Eternal Light, a series of photographs by Kenro Izu currently on view at Howard Greenberg Gallery in New York, radiates the spiritually of India, its traditions, festivals, and rituals, in a series of portraits and landscapes from 2013 through 2015. Two holy cities, Varanasi and Allahabad, inspired Kenro Izu, who has traveled to India frequently since his first visit 20 years ago. With a name that means “city of light,” Varanasi is considered the spiritual capital of India, a destination for pilgrimages and, for Hindus, the final destination for those who wish to be cremated along the Ganges. Allahabad is the holy city where three rivers meet. The confluence point of the Ganges, the Yamuna, and the Saraswati rivers – called Triveni Sangam – is sacred, and bathing there is said to flush away all of one’s sins.

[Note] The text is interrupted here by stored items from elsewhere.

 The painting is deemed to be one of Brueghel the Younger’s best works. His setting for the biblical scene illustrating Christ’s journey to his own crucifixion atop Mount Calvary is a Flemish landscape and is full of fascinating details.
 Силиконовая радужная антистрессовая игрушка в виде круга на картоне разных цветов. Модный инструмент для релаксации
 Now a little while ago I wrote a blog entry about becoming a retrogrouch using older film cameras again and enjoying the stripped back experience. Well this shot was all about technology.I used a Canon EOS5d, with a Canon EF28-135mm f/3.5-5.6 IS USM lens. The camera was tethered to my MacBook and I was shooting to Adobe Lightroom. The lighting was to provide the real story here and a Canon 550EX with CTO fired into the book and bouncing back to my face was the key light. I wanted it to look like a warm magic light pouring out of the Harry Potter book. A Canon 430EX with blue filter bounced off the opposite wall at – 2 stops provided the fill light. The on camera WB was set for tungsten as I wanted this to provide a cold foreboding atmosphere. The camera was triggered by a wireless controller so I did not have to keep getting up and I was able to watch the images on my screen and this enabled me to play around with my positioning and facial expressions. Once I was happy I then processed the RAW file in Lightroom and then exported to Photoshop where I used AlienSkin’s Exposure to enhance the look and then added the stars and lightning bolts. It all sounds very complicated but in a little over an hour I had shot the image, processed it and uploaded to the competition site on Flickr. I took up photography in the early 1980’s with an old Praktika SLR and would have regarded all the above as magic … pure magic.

Izu became immersed in Indian culture after receiving a rather unusual invitation in 1996. The artist was invited by a family in Varanasi to observe the cremation of a family member from beginning to end. The three-and-a-half hour ceremony took place by the Ganges. The body was covered in fabric and decorated with flowers and at the end nothing remained as the ashes were swept into the river. “It was an amazing experience. I was quite interested in the family’s attitudes. There was no weeping; only joking and laughing. It was so different from my culture,” notes Izu, who was born in Japan and moved to New York City in 1970.

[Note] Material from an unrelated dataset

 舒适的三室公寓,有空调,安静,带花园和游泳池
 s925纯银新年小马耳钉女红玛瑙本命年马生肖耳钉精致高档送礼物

In Eternal Light, Izu captures individual experiences of joy and suffering related to death and the afterlife. The Ganges and Yamuna rivers provide the setting for many of the images in the exhibition, and the photographs seemingly transcend earthly concerns. Often a thick fog envelops his subjects as family members mourn a life and birds flock over the river. In the city of Vrindavan, he photographed among the thousands of temples dedicated to Krishna, and finds unexpected vistas in the turn of an alley where a grand gate can lead to a rundown home for the poor.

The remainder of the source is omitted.